Business leaders should ask themselves if their organization is truly set up to effectively manage the customer experience. Unfortunately, more often than not, the answer is no, as businesses maintain a traditional organizational structure.
Architected over the last 100 years to support conventional ways of doing business, this structure does not cater to the digital world of today. Each department operates as a silo: The sales department doesn’t talk to marketing. Each unit runs its own campaigns and tracks separate key performance indicators for success.
For a company to be truly be successful, every single one of those silos needs to be aligned. And all department leaders along with the executive team must have shared customer experience objectives that they are measured on. Delegating responsibility to help tear down these silos won’t help, as this just adds another layer to the problem.

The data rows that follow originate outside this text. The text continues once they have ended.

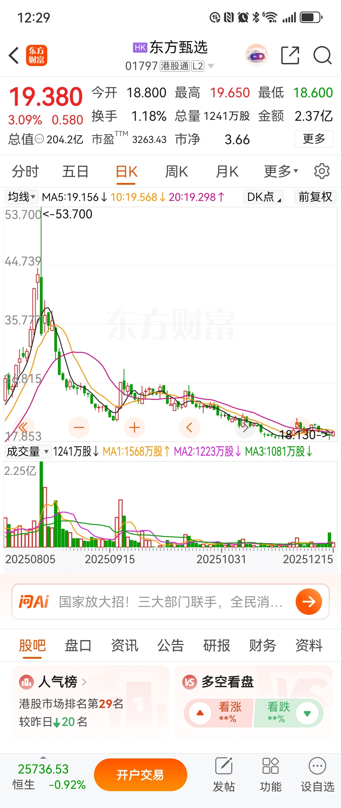 $东方甄选(HK|01797)$ 标准的A杀,不得翻身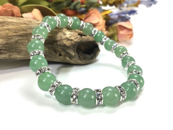 こちらは、10mm玉のアベンチュリンを使用したパワーストーンブレスレットです。間にはロンデルを挟み高級感あるブレスレットに仕上げています。石大きさは腕にも馴染みやすいように10mm玉を使用して、サイズは内径約18cmです。(サイズ調節も無料で承っています。サイズ変更の場合は落札後、取引ナビにてご一報くださいませ。) 数に限りがございますので気になる方はお早めにどうぞ。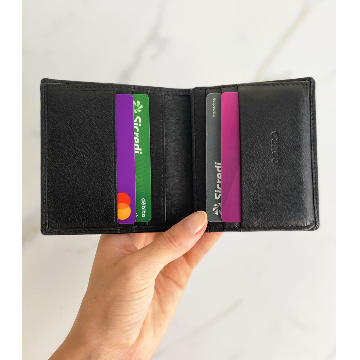 - Não possui compartimento para RG, o documento pode ser guardado nos compartimentos de notas podendo ficar um pouco dobrado;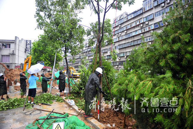 近日,在濟南飲虎池街,施工人員正在重新規劃好的綠化帶中種植植被。 記者 王媛 攝
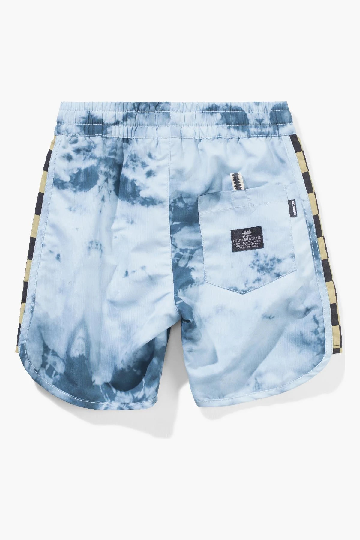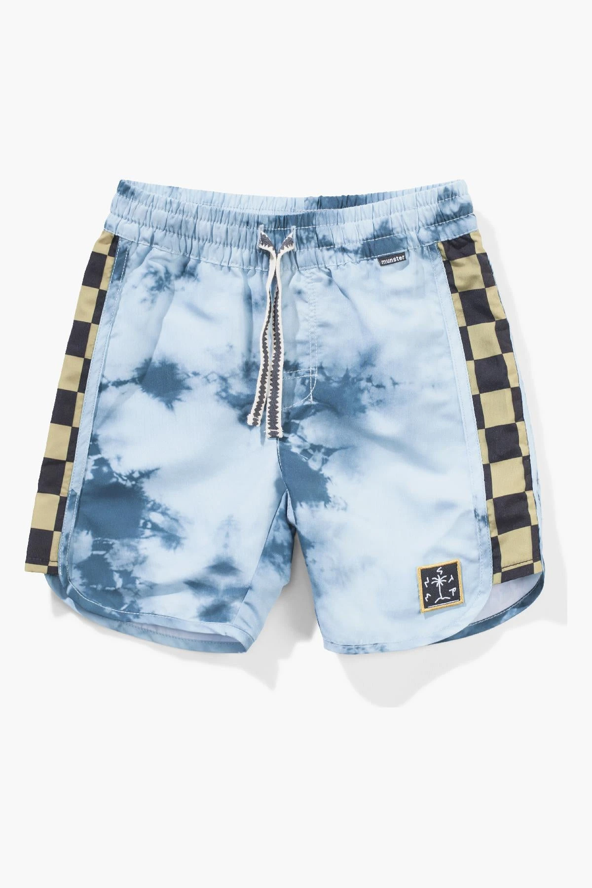 which features a checker print along the sides, a rear pocket and an elasticized and drawstring waist. The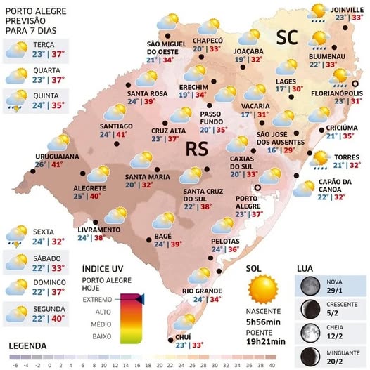 Terça-feira será de calor extremo no Rio Grande do Sul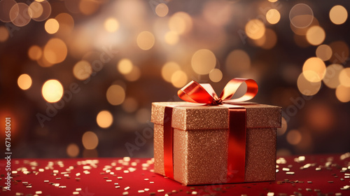 Christmas Surprise Awaits: Wrapped Gift Box with Ribbon.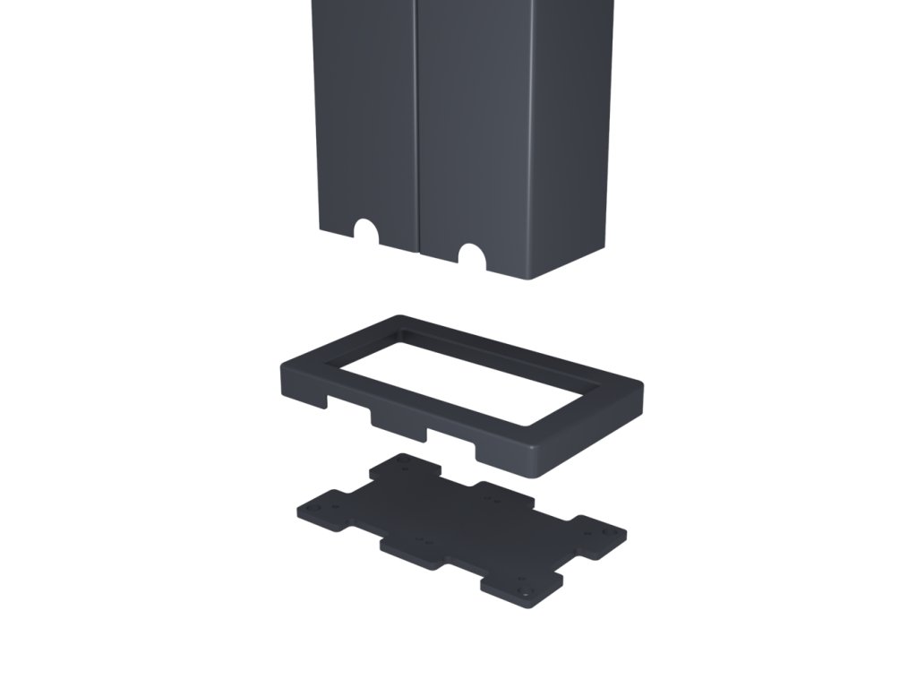 Robustní sloupek má rozměry 116x116 mm, při instalaci je zapotřebí počítat s patkou sloupku o rozměrech 160x160 mm. Patka je z 8 mm silné oceli a je navíc zakryta hliníkovým krytem s integrovaným drenážním systémem. Vyvýšený hliníkový profil s přidanou horní lištou ukrývá lamely tak, že z bočního pohledu nejsou viditelné a jsou v jedné linii s profilem.

Instead, the CEO needs to take charge, ensuring the entire executive team is marching toward the same goals when it comes to customer success.
Once organizational alignment is established, technology can be used to help foster a customer focus throughout a business. It can further establish internal collaboration by providing a unified view of customer information across the business.
Giving employees a platform for sharing and exchanging information is only a first step, though. Firms should focus on helping people access the information they need and filter out the information they don’t, thus educing the signal-to-noise ratio.
Additionally, organizations should ensure they have the right technology solutions in place to help with customer communication. Every interaction with a customer or potential one should be timely, relevant and accurate. And solutions that assist with web-content management, languages and translation, campaigns and analytics can play a large role in this, so that consumer preferences and contexts are considered.
It is critical, however, that all technology pieces are integrated and used together appropriately. Otherwise, the customer experience will be disjointed, with inconsistent and irrelevant messaging.
Beyond assembling a team and ensuring alignment, CEOs should think ahead and foresee customer needs. If it’s appropriate, make acquisitions to meet those needs or perhaps develop a new product. These radical changes are not made overnight. But to accomplish them, executives need to be on the same page.
Unless a vice president of customer experience is taking over for the CEO, overly focusing on that customer role would just be applying a Band-Aid to the larger organizational issues at hand. Take the time to make these shifts and customers will be thankful.